> Description of the task:
The answer must consist only of the lines in the records below from the line with "Mindezt úgy, hogy" to the line with "This modern apartment", both included, copied word for word with every picture left out.

> Given records:
----

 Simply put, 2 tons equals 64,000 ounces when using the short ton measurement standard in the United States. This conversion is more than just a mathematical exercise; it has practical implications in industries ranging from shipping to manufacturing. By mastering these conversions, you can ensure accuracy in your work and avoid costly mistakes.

----

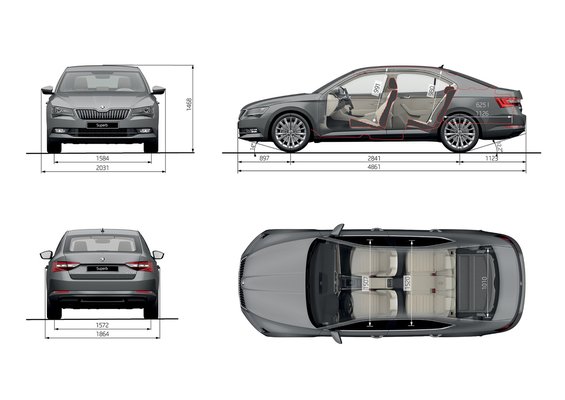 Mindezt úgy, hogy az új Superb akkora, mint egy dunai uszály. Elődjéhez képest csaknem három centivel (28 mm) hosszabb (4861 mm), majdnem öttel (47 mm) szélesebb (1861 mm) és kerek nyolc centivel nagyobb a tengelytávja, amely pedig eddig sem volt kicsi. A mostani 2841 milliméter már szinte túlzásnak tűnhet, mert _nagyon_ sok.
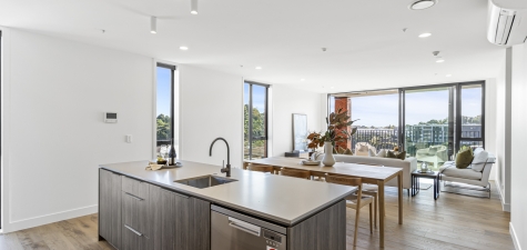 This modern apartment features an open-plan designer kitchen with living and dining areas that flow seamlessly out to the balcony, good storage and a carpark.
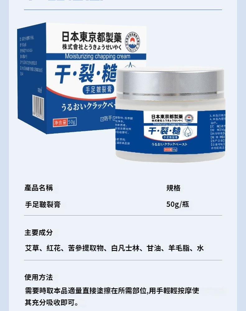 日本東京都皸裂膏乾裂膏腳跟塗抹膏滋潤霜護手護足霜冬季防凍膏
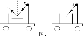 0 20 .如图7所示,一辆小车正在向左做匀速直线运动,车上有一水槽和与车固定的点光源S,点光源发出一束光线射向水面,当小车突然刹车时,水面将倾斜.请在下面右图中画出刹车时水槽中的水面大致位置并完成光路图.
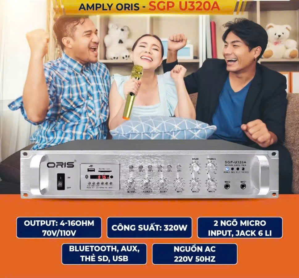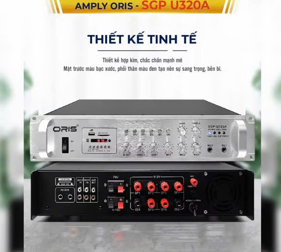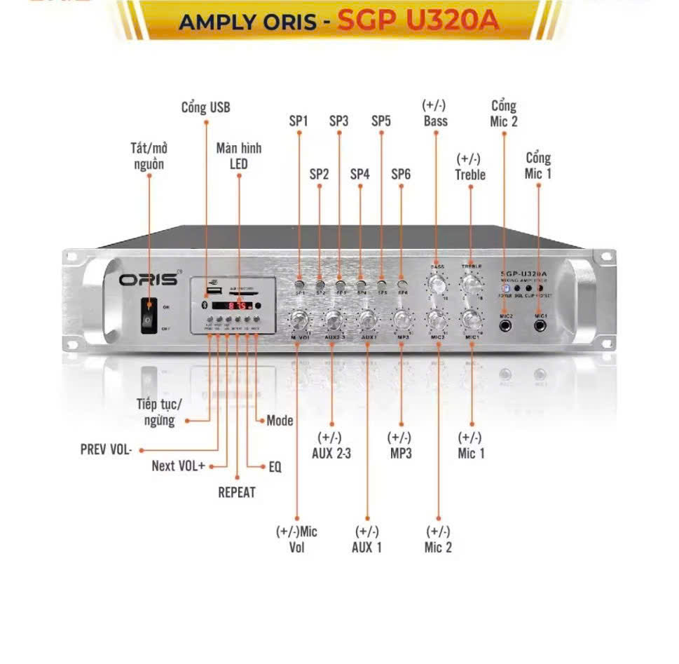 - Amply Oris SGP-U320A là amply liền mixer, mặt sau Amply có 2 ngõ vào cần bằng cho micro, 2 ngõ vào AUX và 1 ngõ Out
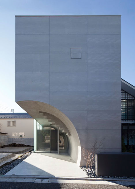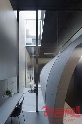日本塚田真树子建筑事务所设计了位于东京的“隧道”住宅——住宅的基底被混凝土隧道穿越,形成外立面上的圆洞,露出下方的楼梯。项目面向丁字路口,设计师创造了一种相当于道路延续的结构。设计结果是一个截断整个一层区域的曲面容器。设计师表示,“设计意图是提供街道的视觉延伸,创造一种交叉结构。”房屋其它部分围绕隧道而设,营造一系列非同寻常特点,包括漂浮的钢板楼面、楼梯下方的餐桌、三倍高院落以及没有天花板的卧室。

----

> Response box:
 Mindezt úgy, hogy az új Superb akkora, mint egy dunai uszály. Elődjéhez képest csaknem három centivel (28 mm) hosszabb (4861 mm), majdnem öttel (47 mm) szélesebb (1861 mm) és kerek nyolc centivel nagyobb a tengelytávja, amely pedig eddig sem volt kicsi. A mostani 2841 milliméter már szinte túlzásnak tűnhet, mert _nagyon_ sok.
 This modern apartment features an open-plan designer kitchen with living and dining areas that flow seamlessly out to the balcony, good storage and a carpark.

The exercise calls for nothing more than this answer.